Aku menunduk, memandangi lantai balkon yang dingin di bawah kakiku. Pertanyaan itu selalu terasa menyakitkan, sebab jawabannya pun tak pernah pasti. Setiap kali aku memutuskan untuk menunggu, selalu ada bagian dari diriku yang terluka.
“Entahlah… mungkin iya… atau mungkin tidak.” jawabku pelan, mencoba tersenyum meski tidak ada yang bisa melihatnya.
Hans tak langsung menanggapi. Tapi keheningan darinya terasa seperti sebuah pengertian. Penghiburan diam-diam yang tidak memaksa apa pun dariku.
Aku menyandarkan tubuhku pada dinding, menatap langit yang kelam tanpa bintang. Malam ini terasa panjang. Dan hampa.
Lalu, suara Hans kembali terdengar, lebih lembut dari sebelumnya.
“Terima kasih sudah mengangkat teleponku malam ini.”
Aku mengerjapkan mata, lalu berkata jujur, “Aku yang seharusnya berterima kasih. Setidaknya malam ini… aku tidak merasa sendirian.”
Sejenak kami hanya diam, tapi tidak canggung. Diam yang terasa hangat. Diam yang tidak menghakimi.
Namun tetap saja, ada sesuatu dalam diriku yang mengusik ketenangan itu.
Sebuah kegelisahan yang datang tiba-tiba. Aku menggigit bibir bawahku.
“Hans…” panggilku pelan.
“Ya?”
“Menurutmu… apakah ini salah?” tanyaku akhirnya. Suaraku nyaris hilang di tengah hembusan angin.
Hans terdiam. Lalu menjawab dengan nada yang tidak menggurui, hanya mencoba memahami.
“Salah… jika kamu berharap lebih dariku, mungkin iya. Tapi kalau kamu hanya butuh seseorang untuk mendengarkan, maka tidak. Aku tidak keberatan menjadi itu untukmu.”

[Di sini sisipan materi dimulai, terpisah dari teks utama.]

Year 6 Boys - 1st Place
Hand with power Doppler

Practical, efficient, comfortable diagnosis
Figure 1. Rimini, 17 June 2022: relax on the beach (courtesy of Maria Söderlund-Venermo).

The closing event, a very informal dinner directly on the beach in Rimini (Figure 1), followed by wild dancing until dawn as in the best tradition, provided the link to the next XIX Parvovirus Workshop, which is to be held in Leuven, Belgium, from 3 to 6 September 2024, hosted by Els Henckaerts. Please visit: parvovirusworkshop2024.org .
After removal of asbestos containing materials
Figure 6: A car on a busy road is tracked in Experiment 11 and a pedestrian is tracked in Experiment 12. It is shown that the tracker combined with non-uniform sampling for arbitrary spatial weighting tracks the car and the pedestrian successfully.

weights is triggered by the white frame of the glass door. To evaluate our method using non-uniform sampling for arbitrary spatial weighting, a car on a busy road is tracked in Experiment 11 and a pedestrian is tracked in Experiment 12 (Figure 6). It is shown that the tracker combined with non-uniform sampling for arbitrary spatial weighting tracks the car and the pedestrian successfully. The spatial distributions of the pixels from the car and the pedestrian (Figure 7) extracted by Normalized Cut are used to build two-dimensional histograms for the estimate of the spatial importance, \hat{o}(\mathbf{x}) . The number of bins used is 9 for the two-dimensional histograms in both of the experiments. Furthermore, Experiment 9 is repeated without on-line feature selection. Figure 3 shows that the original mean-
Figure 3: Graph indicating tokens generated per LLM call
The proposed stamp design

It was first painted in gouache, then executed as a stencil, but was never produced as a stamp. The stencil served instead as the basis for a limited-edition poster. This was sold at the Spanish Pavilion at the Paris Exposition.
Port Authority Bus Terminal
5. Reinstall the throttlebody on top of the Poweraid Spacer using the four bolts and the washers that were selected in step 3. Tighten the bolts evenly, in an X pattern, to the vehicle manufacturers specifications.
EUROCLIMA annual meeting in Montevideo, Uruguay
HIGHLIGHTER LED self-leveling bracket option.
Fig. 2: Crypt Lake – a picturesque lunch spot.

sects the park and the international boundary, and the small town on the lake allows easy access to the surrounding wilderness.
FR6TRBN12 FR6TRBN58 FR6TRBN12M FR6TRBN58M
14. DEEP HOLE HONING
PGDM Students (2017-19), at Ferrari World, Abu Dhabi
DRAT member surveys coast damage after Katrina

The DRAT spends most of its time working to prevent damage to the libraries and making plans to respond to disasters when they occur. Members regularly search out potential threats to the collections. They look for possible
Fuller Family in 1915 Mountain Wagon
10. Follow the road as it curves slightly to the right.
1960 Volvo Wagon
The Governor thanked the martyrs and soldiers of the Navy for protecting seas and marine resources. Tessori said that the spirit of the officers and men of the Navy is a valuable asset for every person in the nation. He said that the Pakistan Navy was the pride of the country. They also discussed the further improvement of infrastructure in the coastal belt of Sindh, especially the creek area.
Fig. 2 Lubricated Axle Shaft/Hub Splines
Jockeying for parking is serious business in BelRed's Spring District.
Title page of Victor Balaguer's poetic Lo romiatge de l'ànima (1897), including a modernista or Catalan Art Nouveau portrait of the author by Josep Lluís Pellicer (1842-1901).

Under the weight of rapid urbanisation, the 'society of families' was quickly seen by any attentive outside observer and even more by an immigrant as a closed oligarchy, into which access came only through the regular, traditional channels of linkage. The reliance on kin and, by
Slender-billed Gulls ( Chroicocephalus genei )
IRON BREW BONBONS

Aku menutup mata sejenak, membiarkan kalimatnya menyelinap ke dalam pikiranku.
Dan di saat yang bersamaan, hatiku pun kembali menekan luka yang tak sempat sembuh.
Karena di satu sisi aku merasa dilupakan,
tapi di sisi lain aku takut merasa diperhatikan oleh orang yang bukan suamiku.